The majority of the current well car fleet includes 48 foot long wells that carry the 20 and 40 foot long international containers. Despite this, the limited track spaces at the ports where the container ships unload make the longer 48 foot wells inefficient. To handle the increased container traffic from both overseas and domestic sources, most new well cars will be 53 feet in length and the existing 48 foot fleet will continue to inefficiently carry the 20 and 40 foot long containers, if they are used at all. There is a need to retrofit existing 48 foot well cars to more efficiently carry the 20 and 40 foot international containers.

SUMMARY

By way of introduction, the various embodiments described below are drawn to a method of reattaching an end assembly to a well car. Additional detail and other embodiments will be discussed in the Detailed Description.

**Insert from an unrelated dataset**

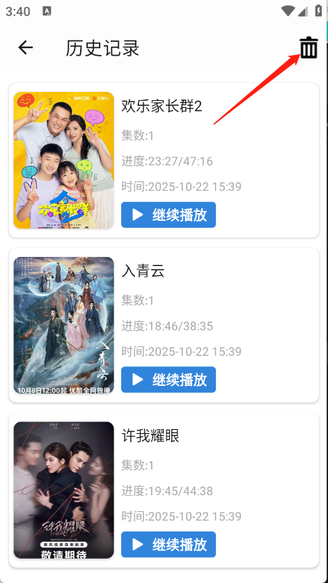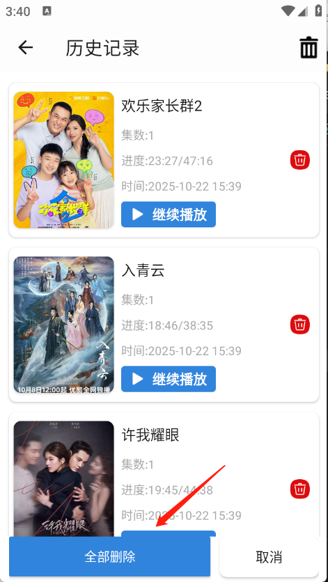 3、选择要删除的观看历史即可。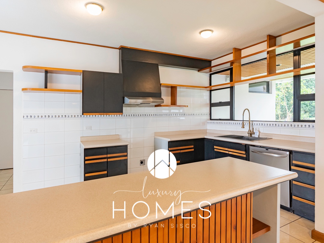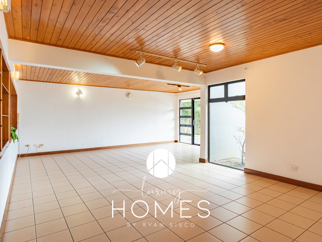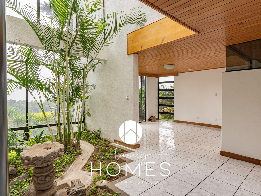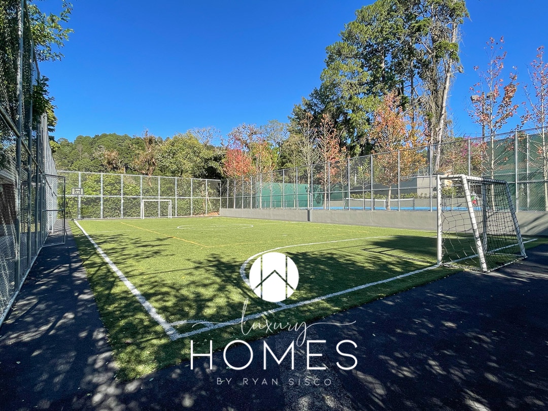 4 dormitorios, 2 baños completos, 2 medios baños, sala con chimenea, comedor, cocina, desayunador, lavandería, cuarto de servicio, jardín amplio con área para juegos, salón para juegos y estacionamiento techado para 3 vehículos, espacio para 8 vehículos más.

In a first aspect, a method for re-attaching a removed end assembly to a main body of a well car, wherein the well car includes a top tube on both the main body and the end assembly, the method including: providing a plurality of back-up bars, each back-up bar having a first end and a second end, the second end having a plurality of tabs defined thereon and the backup bar substantially matching the internal perimeter of the top tube; insertably mating the plurality of tabs on the second end of each back-up bar into respective top tubes of the main body, wherein a gap remains between corresponding top tubes of the end assembly and those of the main body; welding each gap shut; welding the end assembly onto a shear plate of the main body; and welding a bulkhead angle into each corner defined between the end assembly and the main body.

Other systems, methods, features and advantages will be, or will become, apparent to one with skill in the art upon examination of the following figures and detailed description. It is intended that all such additional systems, methods, features and advantages be included within this description, be within the scope of the invention, and be protected by the following claims.

BRIEF DESCRIPTION OF THE DRAWINGS

The system may be better understood with reference to the following drawings and description. The components in the figures are not necessarily to scale, emphasis instead being placed upon illustrating the principles of the invention. Moreover, in the figures, like-referenced numerals designate corresponding parts throughout the different views.

FIG. 1 is a perspective view of an inside corner of a well car before shortening.

FIG. 2 is a perspective view of the outside of the corner of the well car of FIG. 1 with a running board removed.

FIG. 3 is a perspective view of the inside corner, as shown in FIG. 1, showing initial removal of various guides and brackets to prepare to shorten the well car.

FIG. 4 is a perspective view of the detached end assembly of the well car of FIG. 1 and the state of the main body after detachment.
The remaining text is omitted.